### YOUR TASK
What's needed is an exact copy of the lines from the one that contains "ADC 精度提升至 12位元。" to the end of the data below, leaving the pictures out.

### MATERIAL PROVIDED
====

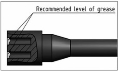 A layer of grease corresponding to a minimum of 1/10th of socket depth should be applied to the female connector
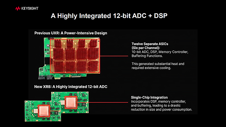 Infiniium XR8 硬體採用新的設計,特別是前端與數位核心做了大幅度的更新。首先是前端(Front-End)把過往多顆晶片及分散式元件做整合,以單一顆 ASIC 取代,大幅減少所需的空間,且採用連接方式減少路徑損失,大大提升訊號的完整度。而擁有 ADC(類比數位轉換器)與 DSP(數位訊號處理器)的數位核心同樣也採用高整合技術,將過往每個量測通道上的 10位元 ADC、DSP、記憶體控制器與緩衝功能分開的 ASIC,全部整合成單顆 ASIC,同時也將 ADC 精度提升至 12位元。
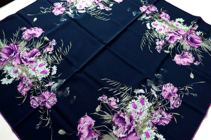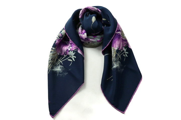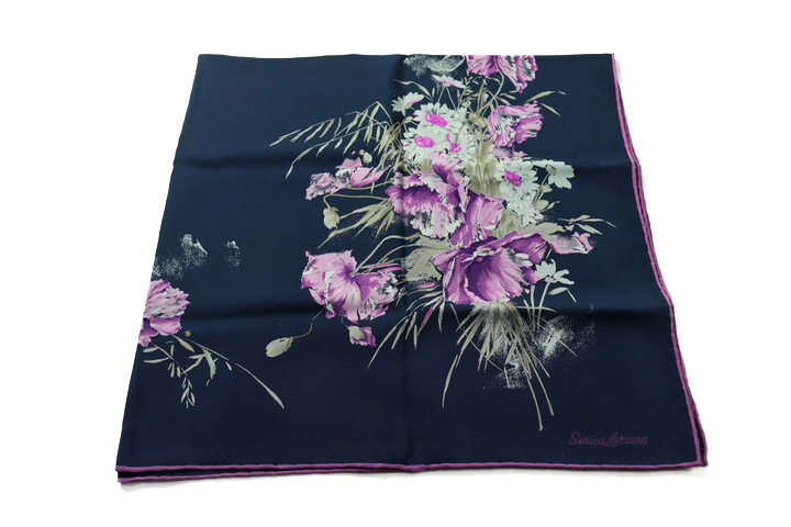 セリカラリアナ スカーフ ストール シルク 花柄 ブランド レディース ネイビー Serica Lariana 【中古】
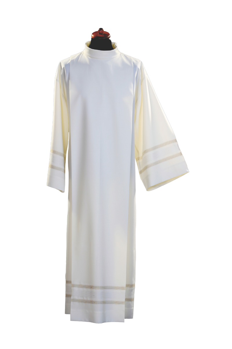 Unit price perAlb made of a woolen tropic decorated with gentle embroidery all around. Tropic (60% wool, 40% polyester)

====

### RESPONSE AREA
 Infiniium XR8 硬體採用新的設計,特別是前端與數位核心做了大幅度的更新。首先是前端(Front-End)把過往多顆晶片及分散式元件做整合,以單一顆 ASIC 取代,大幅減少所需的空間,且採用連接方式減少路徑損失,大大提升訊號的完整度。而擁有 ADC(類比數位轉換器)與 DSP(數位訊號處理器)的數位核心同樣也採用高整合技術,將過往每個量測通道上的 10位元 ADC、DSP、記憶體控制器與緩衝功能分開的 ASIC,全部整合成單顆 ASIC,同時也將 ADC 精度提升至 12位元。
 セリカラリアナ スカーフ ストール シルク 花柄 ブランド レディース ネイビー Serica Lariana 【中古】
 Unit price perAlb made of a woolen tropic decorated with gentle embroidery all around. Tropic (60% wool, 40% polyester)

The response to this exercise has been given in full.